IT HAS BEEN confirmed that winning West Coast franchise bidder FirstGroup offered the DfT £700 million more than the runner up Virgin Rail Group, 49 per cent of which is owned by Stagecoach.
The Department for Transport has been accused of 'insanity' by Virgin founder Richard Branson, while Stagecoach warned that the new West Coast contract places more risk on the franchise holder.
Sir Richard reacted to the news by bitterly criticising the DfT's methods of awarding rail franchises, and said it was unlikely that Virgin would bid for any more contracts.
Virgin's partner Stagecoach Group said it was also disappointed at the outcome, and raised further concerns about the viability of the £5.5 billion deal signed by FirstGroup. Stagecoach revealed that the bid for West Coast from Virgin had been worth £4.8 billion at net present value for the core franchise period and £5.8 billion including the potential extension, which would take the 13 year four month contract to 15 years.
In a statement to the Stock Exchange, Stagecoach warned that the new contract posed more risk for the operator, partly because it was longer, but also because the 'cap and collar' revenue protection arrangements have been replaced by a GDP sharing mechanism, in which forecast revenues are linked to the predicted Gross Domestic Product in future years.
The company said it considered that this 'increased the risk borne by the train operating company in respect of revenue falling short of the expectations reflected in the bid'.
Other negative factors highlighted by Stagecoach include more economic uncertainty in the country as a whole, as well as a requirement for more financial guarantees.

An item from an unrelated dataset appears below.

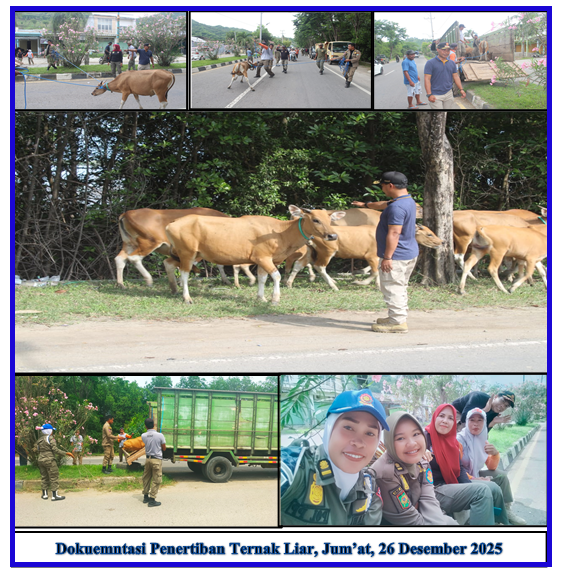 KOTA BIMA –Dibawah Garis Komando Kasat Pol. PP Kota Bima Bapak ERWIN RAHADI, S.Sos bersama Personel Satuan Polisi Pamong Praja (Satpol PP) Kota Bima kembali menggelar Operasi enertiban ternak liar pada Jumat pagi, 26 Desember 2025.

The company added: 'Stagecoach and its joint venture partner, Virgin, were both committed to Virgin Rail Group winning the new franchise but only on terms that resulted in an acceptable risk-reward profile and which would add value to the partners' shareholders. We understand that Virgin Rail Group was the Department for Transport's second choice bidder and that the reason it failed to secure the new franchise was because another bidder contracted to pay significantly higher premium payments to the DfT.'
Stagecoach chief executive Sir Brian Souter said: "Virgin Rail Group has revolutionised train travel on the West Coast Main Line. I am bitterly disappointed that Virgin Rail Group has been unsuccessful in its bid for the new West Coast rail franchise. After 15 years, it is difficult to imagine a West Coast rail service without the Virgin brand.
"I would like to thank all those that have been involved in delivering the Virgin vision over that time and all those that contributed to the strong bid for the new franchise. The outcome is a blow to all of those people. Stagecoach will now continue to assess other franchise opportunities and, where appropriate, will work in conjunction with its Virgin partner."
There had been suggestions that hundreds of jobs could be at risk on West Coast, partly because it was predicted that FirstGroup would reduce on-board catering services. This was denied by the company today, when the new managing director of First West Coast, Richard Parry, rejected claims that he was planning to remove the on-board shops and replace them with more seats.
Even so, unions have been sounding warnings about the effect of today's news. Bob Crow of the RMT said: "We are seeking urgent and cast iron guarantees from First West Coast that all our members' jobs are safe and they should be under no illusions that any attack on the staff will be met with a ballot for industrial action."
Meanwhile, TSSA leader Manuel Cortes warned that rail passengers would have to 'pay the price'. He said: "This crazy franchise lottery, where the highest bidder scoops the pot, means that passengers will have to pay inflation busting fares increases on the busiest line in the UK for the next 14 years.
"That is the only way that FirstGroup will be able to pay their annual £400 million premium to George Osborne as well as
rewarding their shareholders with profits."